As the nation processes the full impact of the breach of the U.S. Capitol building by protestors last week, the FBI is warning of potential armed protests in all 50 states over the next week.  Many of the participants in last week’s rioting in Washington, D.C. have been identified from video and photos, often posted on social media by the rioters themselves.  Some of the participants, including one man photographed wearing a company ID lanyard around his neck, have been fired or suspended from their jobs.

With more protests likely forthcoming, North Dakota employers are asking the question of whether they can lawfully fire employees choosing to participate in similar protests?  For private employers, the answer in most cases is “yes.”

What are the laws on political beliefs and off-duty conduct? 

Many employees believe that they cannot be disciplined or subject to termination for their political beliefs or conduct committed while off the employer’s clock.  Are they right?  The North Dakota Human Rights Act does provide protection for employees from discrimination based on off-duty participation in lawful activities.  Specifically, N.D.C.C. § 14-02.4-03 provides that it is unlawful for an employer to discriminate against an applicant or employee based on the individual’s “participation in lawful activity off the employer’s premises during nonworking hours which is not in direct conflict with the essential business-related interests of the employer.” 

The NDHRA “lawful activities” provision does not, however, protect individuals engaged in activity that is not “lawful.”  Moreover, it provides no protection based on political beliefs to non-governmental employees.
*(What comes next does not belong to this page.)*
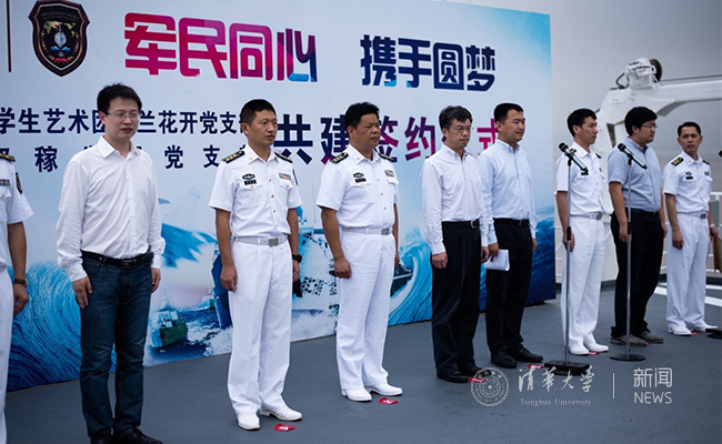10月7日上午,AG(中国)AG·官方网页版全体剧组成员登上“邓稼先”号测量船,在飞行甲板上举行了AG(中国)AG·官方网页版学生艺术团马兰花开党支部与邓稼先船党支部的共建仪式。AG(中国)AG·官方网页版党委副书记史宗恺和92118部队政治部主任张宪星共同为实践基地揭牌,校团委副书记、马兰花开党支部书记贾曦和“邓稼先”号测量船政委、党支部书记王文杰签署共建协议书并互赠纪念品。

Thus, individuals who participate peacefully, in lawful demonstrations are likely protected from employment retaliation by the NDHRA.  Individuals who participate in violent, unlawful conduct, on the other hand, such as trespassing, rioting, destroying property, or similar misdeeds are not protected by the NDHRA.

But, what about employees who are not arrested and whose conduct is not clearly “unlawful”?  For example, consider the fellow with his employee ID on a lanyard around his neck who made national media . . . if he had been engaged in lawful activity, might the NDHRA have provided job protection?  Similarly, what of employees who post vulgar, threatening, or inflammatory comments on social media?  Are these individuals given job protection?

The answer is “maybe.”  If conduct by employees is merely offensive or disagreeable, but not necessarily unlawful, employers must consider whether or not the conduct is “in direct conflict with the essential business-related interests of the employer.”  The North Dakota Supreme Court has held that protecting the reputation of a business may be an “essential business-related interest,” justifying action against employees engaging in bad behavior off premises, during non-working hours.

Important questions that employers should ask if confronted with such situations is whether or not the employee is readily identifiable as an employee of the company?  Is the employee displaying company ID or wearing clothing identifying him or her as a company employee?  In the case of social media, does the employee link him or herself to employment with the company in a social media profile or otherwise?  Moreover, how damaging to the company is the publicity, conduct, or social media post?

Determining exactly when conduct crosses the line to being “in direct conflict with the essential business-related interests of the employer” is a complex determination and should be approached with care, and likely a consult with legal counsel.

What about Freedom of Speech?

Many of the protestors in last week’s debacle – and their supporters — have cited their right to “Freedom of Speech” in protesting their summary termination by employers.  But, do employees of private employers really have such rights?  The short answer is “no.”  The First Amendment to the Constitution of the United States provides constitutional protection to free speech, but only against the abridgement of free speech by the government.  The First Amendment was meant to protect against governmental actions limiting free speech, not the action of private employers.  Thus, for most private (non-government) employers, an employee’s right to free speech is simply not governed or protected by the First Amendment.

Bottom Line 

While the North Dakota Human Rights Act provides some protection for off-duty, off-premises conduct to North Dakota employees and applicants, that protection ends when conduct becomes unlawful.  Even conduct that is not unlawful may be so detrimental to the business interests of an employer that it loses its character as protected.  Moreover, the First Amendment provides no protection for the employees of private businesses based on their claim to free speech.  In short, employees who violate the law or engage in severe acts of civil unrest can expect to be subjected to lawful discipline, even termination, by their employers.